◆ Task details
For the data below, retype word for word the lines from the one containing "周累计上涨8.47%(DBAP、DVEM已退市)。其次,Direxion每日二倍做多巴西ETF $BRZU 周累计涨7.89%。" through the one containing "101期福彩天机壁怪字图"; drop the pictures.

◆ Recorded data
== Segment start ==

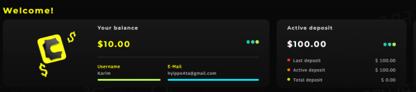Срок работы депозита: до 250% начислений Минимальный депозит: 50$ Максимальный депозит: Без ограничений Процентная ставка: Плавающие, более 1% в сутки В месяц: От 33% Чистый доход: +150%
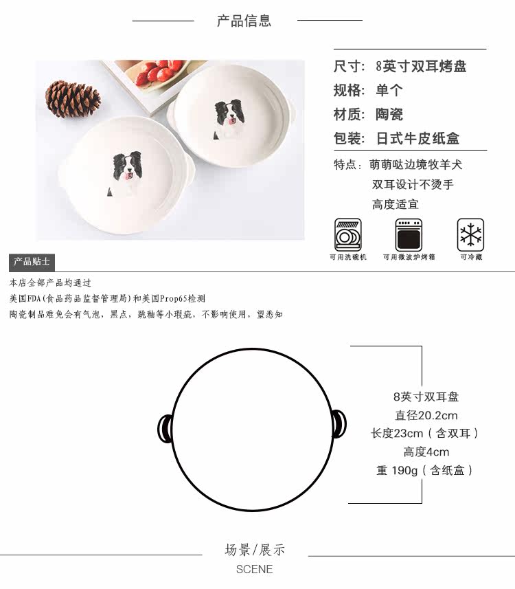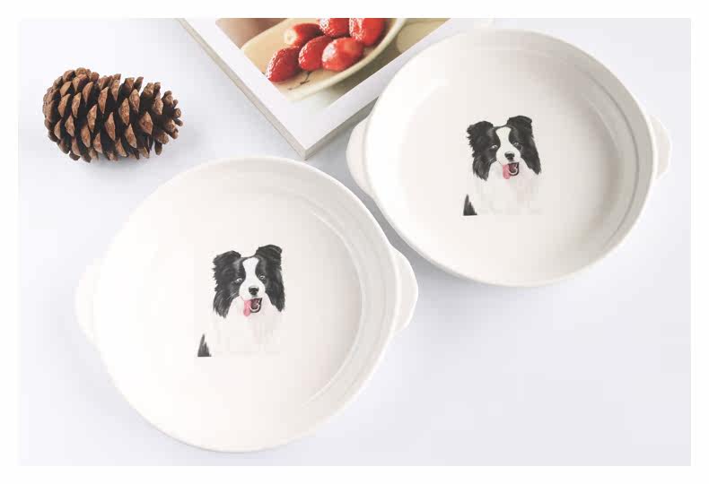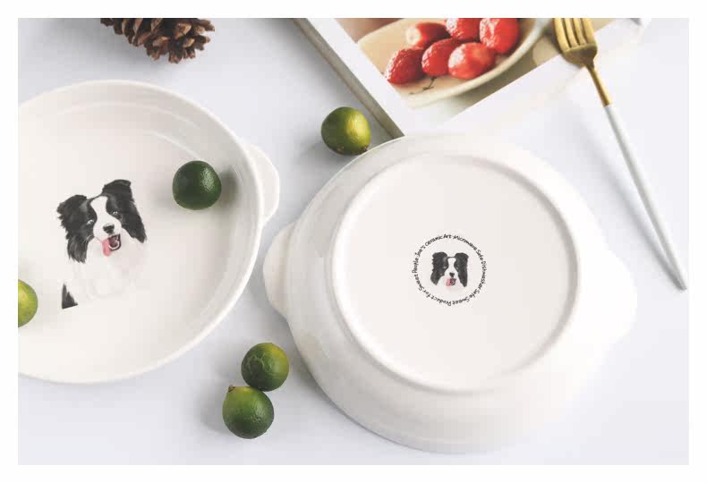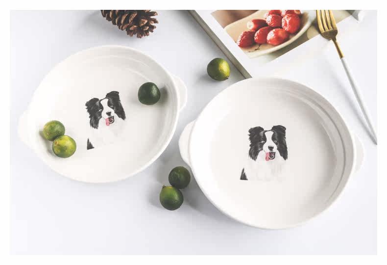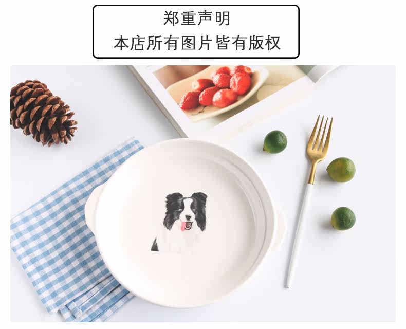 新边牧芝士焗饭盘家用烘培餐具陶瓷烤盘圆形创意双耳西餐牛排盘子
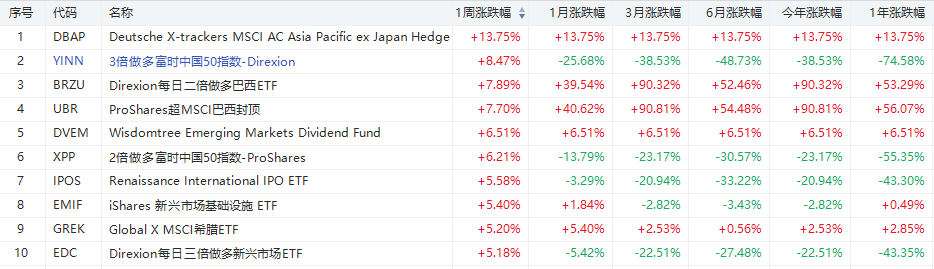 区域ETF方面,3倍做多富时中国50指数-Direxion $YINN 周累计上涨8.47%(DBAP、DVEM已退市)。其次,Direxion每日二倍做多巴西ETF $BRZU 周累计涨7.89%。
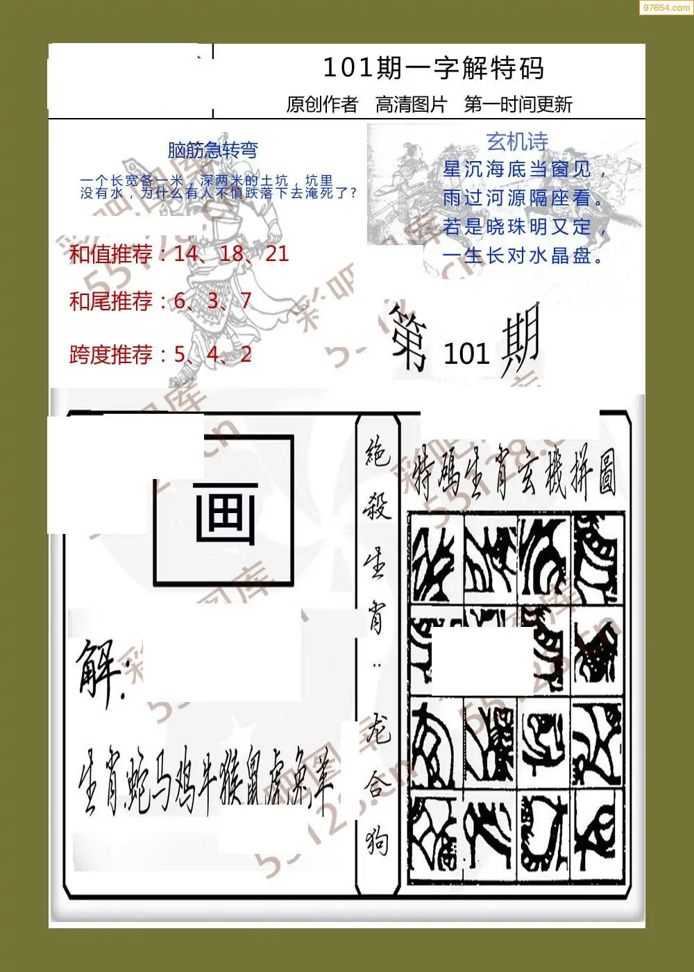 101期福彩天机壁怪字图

== Segment end ==
== Segment start ==

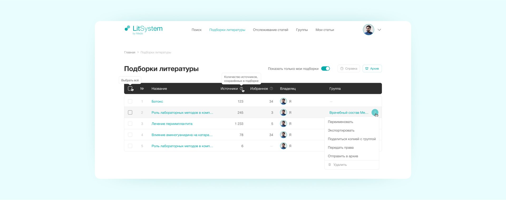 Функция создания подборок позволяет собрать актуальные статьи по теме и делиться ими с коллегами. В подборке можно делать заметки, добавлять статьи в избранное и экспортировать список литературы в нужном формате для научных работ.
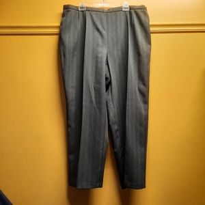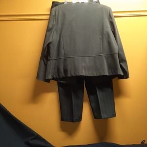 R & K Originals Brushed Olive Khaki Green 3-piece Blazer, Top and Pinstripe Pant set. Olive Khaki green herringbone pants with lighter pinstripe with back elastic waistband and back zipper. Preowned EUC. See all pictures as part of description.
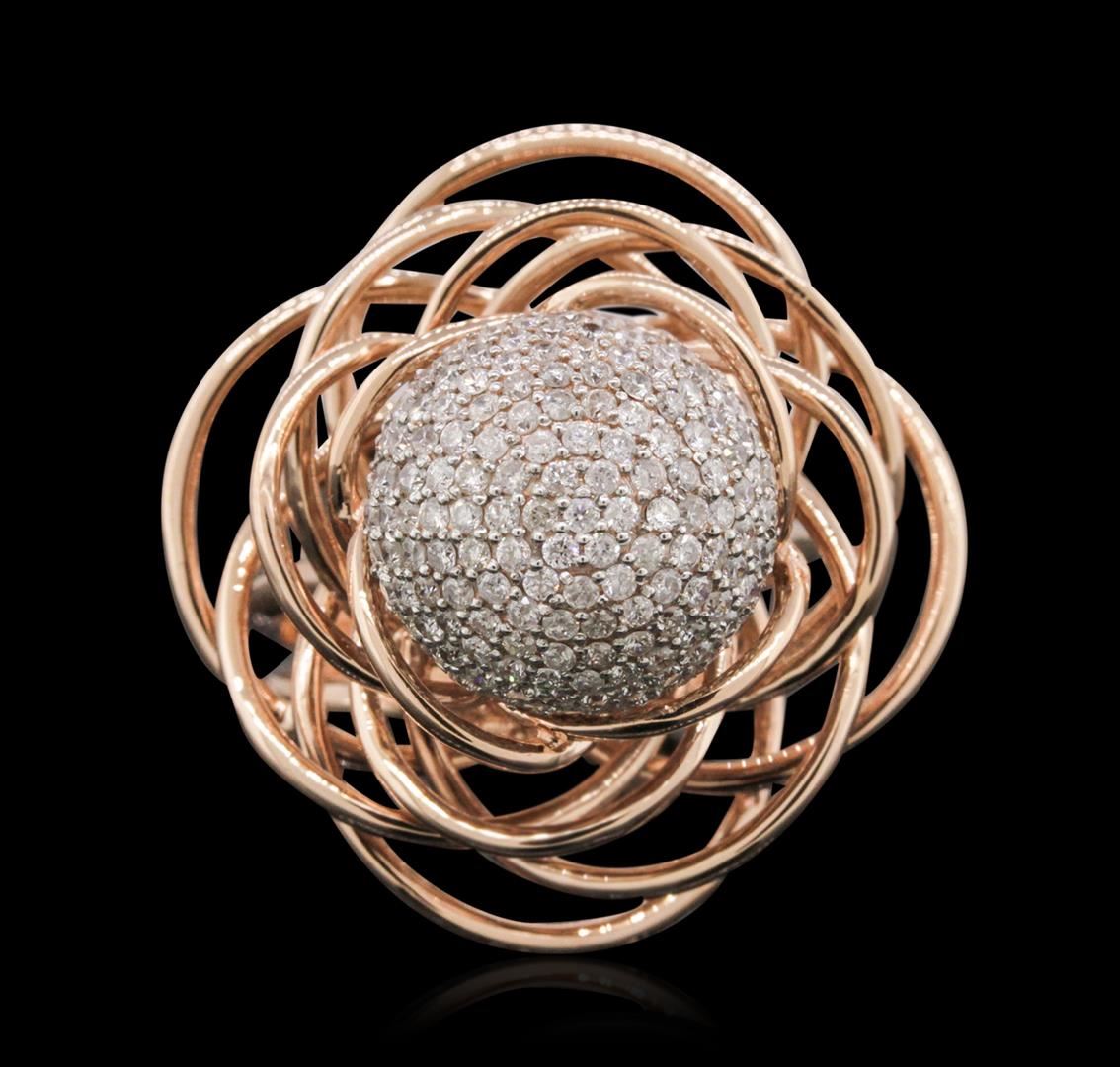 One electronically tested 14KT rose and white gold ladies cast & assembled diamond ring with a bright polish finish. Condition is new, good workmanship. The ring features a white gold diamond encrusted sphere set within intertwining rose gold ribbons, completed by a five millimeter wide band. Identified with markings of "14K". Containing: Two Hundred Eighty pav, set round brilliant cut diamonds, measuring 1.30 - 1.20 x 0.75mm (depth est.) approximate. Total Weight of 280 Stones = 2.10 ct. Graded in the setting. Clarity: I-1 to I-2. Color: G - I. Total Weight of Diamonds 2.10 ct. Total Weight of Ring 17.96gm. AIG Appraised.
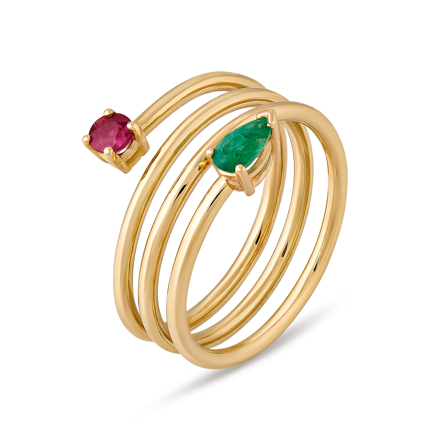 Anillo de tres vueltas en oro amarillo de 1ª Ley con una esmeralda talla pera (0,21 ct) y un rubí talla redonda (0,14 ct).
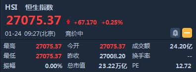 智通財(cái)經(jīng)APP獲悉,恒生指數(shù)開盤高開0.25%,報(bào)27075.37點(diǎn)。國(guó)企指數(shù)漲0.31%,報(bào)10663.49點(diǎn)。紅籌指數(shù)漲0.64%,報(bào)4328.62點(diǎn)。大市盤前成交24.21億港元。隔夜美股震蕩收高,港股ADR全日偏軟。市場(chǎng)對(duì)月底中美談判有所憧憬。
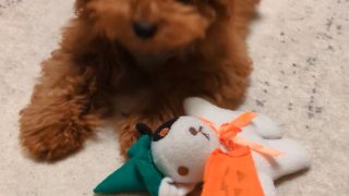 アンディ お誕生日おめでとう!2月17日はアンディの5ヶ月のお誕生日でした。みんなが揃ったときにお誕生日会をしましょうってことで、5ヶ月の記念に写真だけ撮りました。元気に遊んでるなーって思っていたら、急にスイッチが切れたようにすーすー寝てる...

== Segment end ==

◆ Solved problem
 区域ETF方面,3倍做多富时中国50指数-Direxion $YINN 周累计上涨8.47%(DBAP、DVEM已退市)。其次,Direxion每日二倍做多巴西ETF $BRZU 周累计涨7.89%。
 101期福彩天机壁怪字图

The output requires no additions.